What's Good for the Goose

The Santa Cruz Symphony's upcoming program takes on 'Mother Goose' but also says something about the meaning of music

By Scott MacClelland

Those who say music is art are wrong. Music is language, as capable of poetry as of slang, as lofty and as low, depending on how, why and where it is practiced. In fact, during the last quarter of the 18th century, music was Europe's universal language, when musicians and music lovers raised to speak Walloon, Portuguese, Greek, English, Latvian and Czech all "spoke" and understood the same language of music.

So do we still--whether we know it or not--be it classical, jazz, rock or hip-hop. Nevertheless, ancient arguments are still debated: What's more important, the words or the music? Is instrumental music "purer" than vocal music? Is "absolute" music better than "program" music? Etc., etc. On that last point, British composer Edward Elgar said, "I do not say that program music should not be written, but I do maintain that it is a lower form of art than absolute music." German contemporary Richard Strauss rejoined, "There is no such thing as abstract music; there is good music and bad music. If it is good, it means something; and then it is program music." Absolute? Abstract? When asked to explain the meaning of Beethoven's Fifth Symphony, the conductor Arturo Toscanini, demurring to the composer's own words, declared, "Allegro con brio."

Behind the debates, beneath musical phonology and syntax, lies the mystery of musical semantics. What does music mean? Happily, that exquisitely unanswerable question has sustained my long career as a music history teacher and critic.

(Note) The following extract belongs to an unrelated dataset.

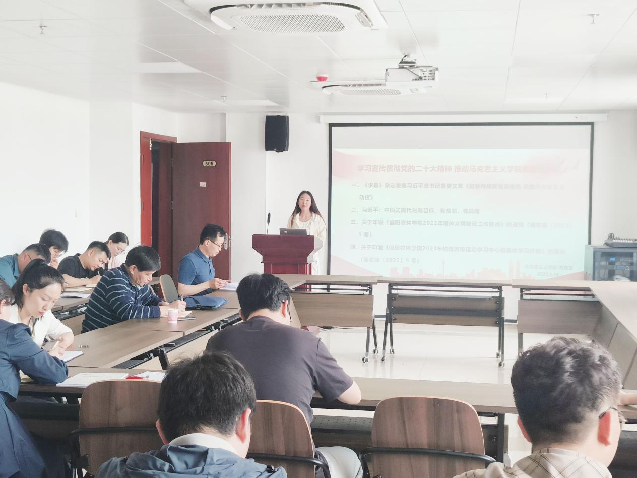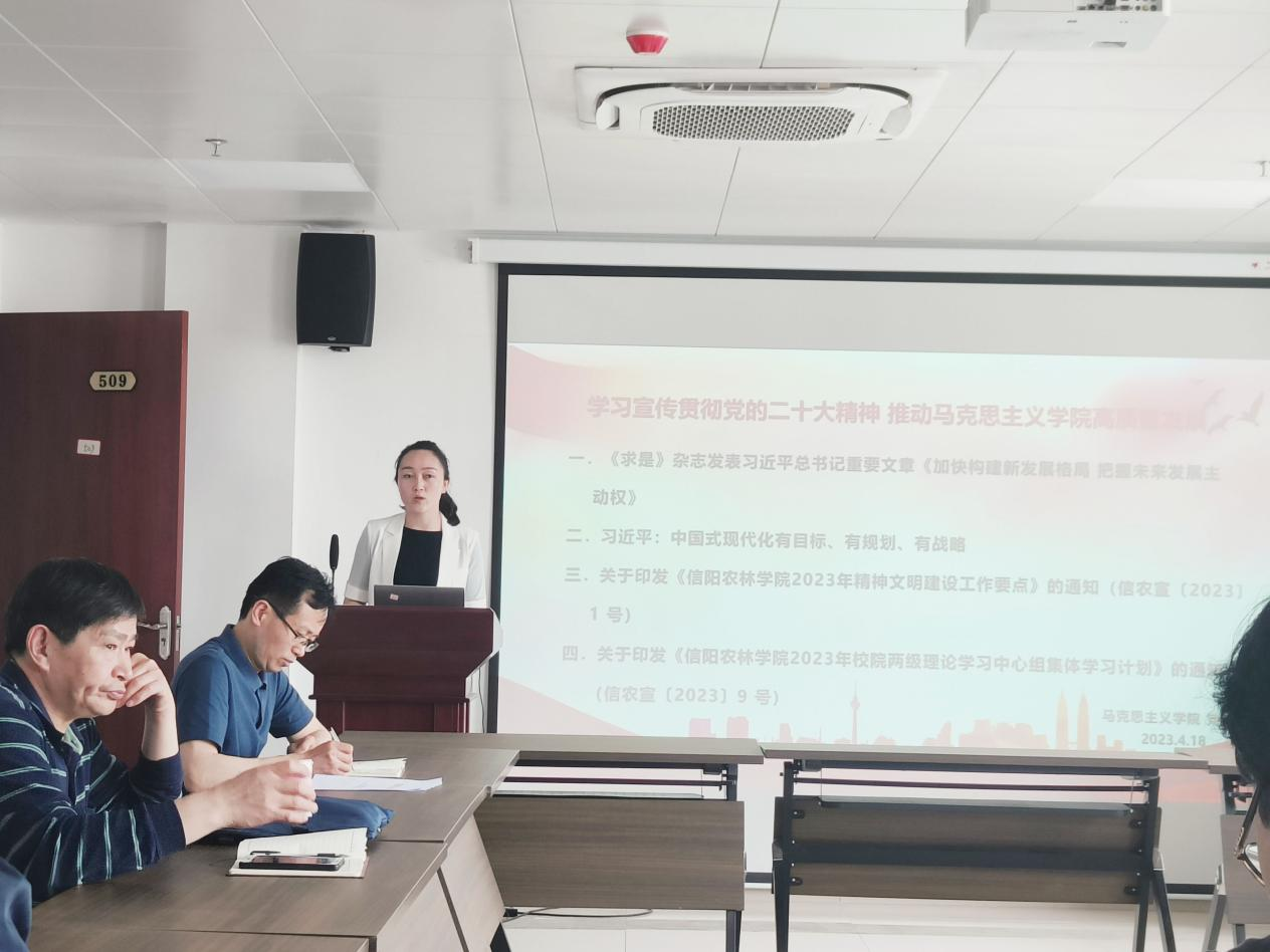 2023年4月18日下午,马克思主义学院在学术交流中心509会议室召开“学习宣传贯彻党的二十大精神,推动马克思主义学院高质量发展”工作会。会议由毛泽东思想和中国特色社会主义理论体系概论教研室主办, 周萃文主持,全体教师参加会议。

At their concert this Saturday, the Santa Cruz Symphony seems to take Strauss' side. Each of the three works on the program starts with an extramusical premeditation. Maurice Ravel's Ma mere l'oye visualizes characters from Mother Goose. Max Bruch's pictorial Scottish Fantasy draws on various Scottish folk melodies. Peter Ilyich Tchaikovsky's Symphony no. 2 takes its cues from the folk music of Ukraine.

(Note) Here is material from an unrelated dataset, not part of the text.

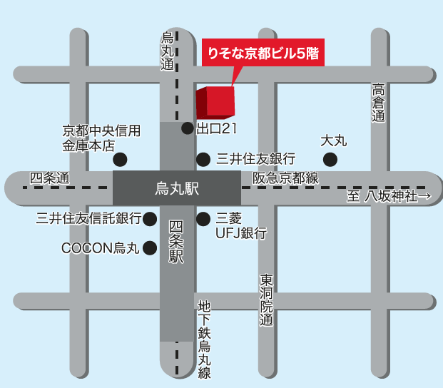 〒604-8153 京都市中京区烏丸通四条上ル笋町691 りそな京都ビル5階
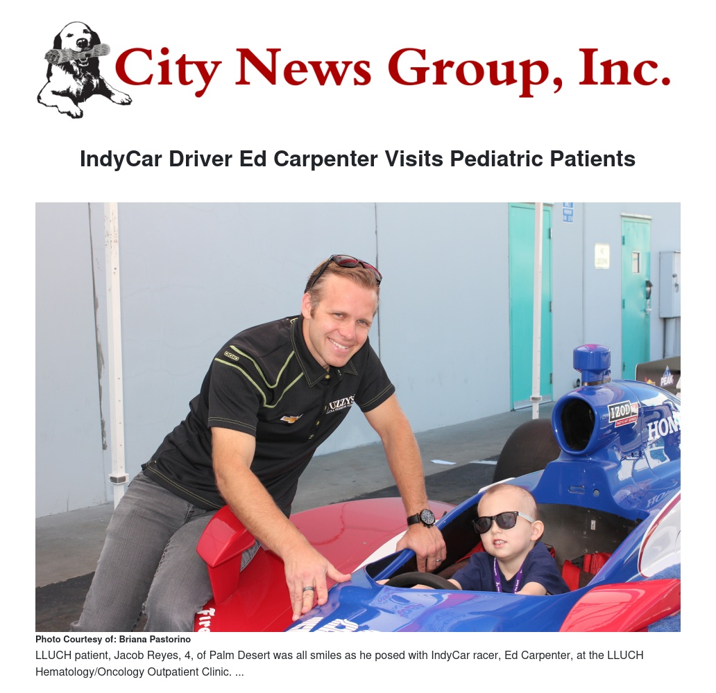 Verizon IndyCar driver Ed Carpenter paid a visit to the LLUCH Hematology/Oncology Outpatient Clinic on Thursday, Aug. 28. The seasoned driver visited with kids signing photos and Racing for Kids hats for them as they received treatment in the infusion center.

Joining John Larry Granger in the spotlight is Caroline Campbell, the violin medalist of the 2002 Klein International String Competition and, in the same year, first prize-winner in the Carmel Music Society's annual competition. Now a resident of Pasadena, Campbell has appeared as concerto soloist with the Los Angeles Philharmonic (including the Tchaikovsky concerto at age 16), Boston Symphony, Cleveland Orchestra and Indianapolis Symphony. She has performed frequently in New York and established herself in Europe. She studied with Donald Weilerstein and attended master classes with Dorothy Delay, Robert Mann, Cho-Liang Lin, and Ruggiero Ricci. Among her competition winnings are the Tibor Varga International Violin Competition in Switzerland (and its prestigious Paganini Prize), grand prize at the Corpus Christi International Young Artists Competition (and its best solo Bach prize), silver medal at the Stulberg International String Competition and first prize in the Sorantin International Young Artist Competition. She performed at the White House during the Clinton Administration. In addition to her concerto repertoire, she is active as a recitalist and chamber music player.

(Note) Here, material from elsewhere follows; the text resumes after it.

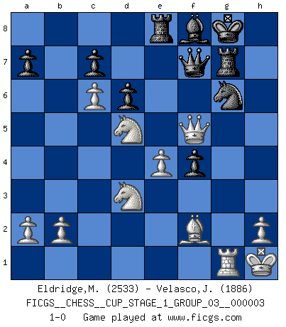 Last move : 1-0 2019 December 31 13:33:25 [Event "FICGS__CHESS__CUP_STAGE_1_GROUP_03__000003"] [Site "FICGS"] [Date "2019.11.02"] [Round "1"] [White "Eldridge,Mark"] [Black "Velasco,Jose Maria"] [Result "1-0"] [WhiteElo "2533"] [BlackElo "1886"] 1.Nf3 d6 2.d4 Nf6 3.c4 g6 4.Nc3 Bg7 5.e4 O-O 6.Be2 e5 7.O-O Nc6 8.d5 Ne7 9.Ne1 Nd7 10.f3 f5 11.Be3 f4 12.Bf2 g5 13.Nd3 Ng6 14.c5 Nf6 15.Rc1 Rf7 16.Kh1 Bf8 17.Rg1 h5 18.g3 g4 19.gxf4 exf4 20.fxg4 Nxg4 21.Bxg4 hxg4 22.Rxg4 Bxg4 23.Qxg4 Qf6 24.c6 bxc6 25.dxc6 Re8 26.Rg1 Rg7 27.Nd5 Qf7 28.Qf5 1-0 Reti Opening Kingside Castling by player Black (move 5) Kingside Castling by player White (move 7) Player White won this chess game. Follow this game move after move (download)He who fears an isolated Queen's Pawn should give up Chess. (Siegbert Tarrasch) Wie, soll nun auch die Opposition abgeschafft werden? Ja, es tut mir leid, Ihnen diesen Schmerz nicht ersparen zu können. (Aaron Nimzowitsch) El Ajedrez no es una pizca de inferior al violín, y tenemos un gran número de violinistas profesionales. (Mikhail Botvinnik) Des idées, des idées, j'en ai cent, j'en ai mille. Des bonnes, des mauvaises, applicables, irréalisables... Il suffit de faire le tri ! (Roos) Either move or be moved. (Ezra Pound)

In Santa Cruz, Campbell will play the five-movement Scottish Fantasy, a work completed in 1880 by Bruch for the celebrated virtuoso Pablo de Sarasate and premiered in 1881 by the famed Joseph Joachim. The work, a signature piece of Jascha Heifetz, uses Scots tunes "Thro the Wood Laddie," "Dusty Miller," "I'm a doun for lack o Johnnie" and the war march of Robert the Bruce, "Scots wha hae." It also paints the rugged landscape of Scotland in much the same vein as Mendelssohn's "Scottish" Symphony and Hebrides Overture.

Ravel's Mother Goose, composed originally as a set of piano pieces for the children of friends, took its better-known orchestral shape as a ballet first given in 1912 in Paris. The orchestration is as magical as the fairy tales it seeks to portray, not least the clarinet-contrabassoon dialogue of Beauty and the Beast. Perhaps its most enchanting movement is the gamelan-inspired "Laideronnette, Empress of the Pagodas."

One wonders if Tchaikovsky's original title for his second symphony, "Little Russian," will be altered to "Ukrania," which would make it more PC to the residents of that now-independent nation. In any case, the composer starts the work on solo horn with "Down by the Volga," which then becomes the primary theme of the first movement. A dance-song appears in the third movement trio. The round dance, "The Crane," becomes the theme for the variations of the finale. For the second movement, "Andantino marziale," Tchaikovsky recycled an episode from his opera Undine, later destroyed.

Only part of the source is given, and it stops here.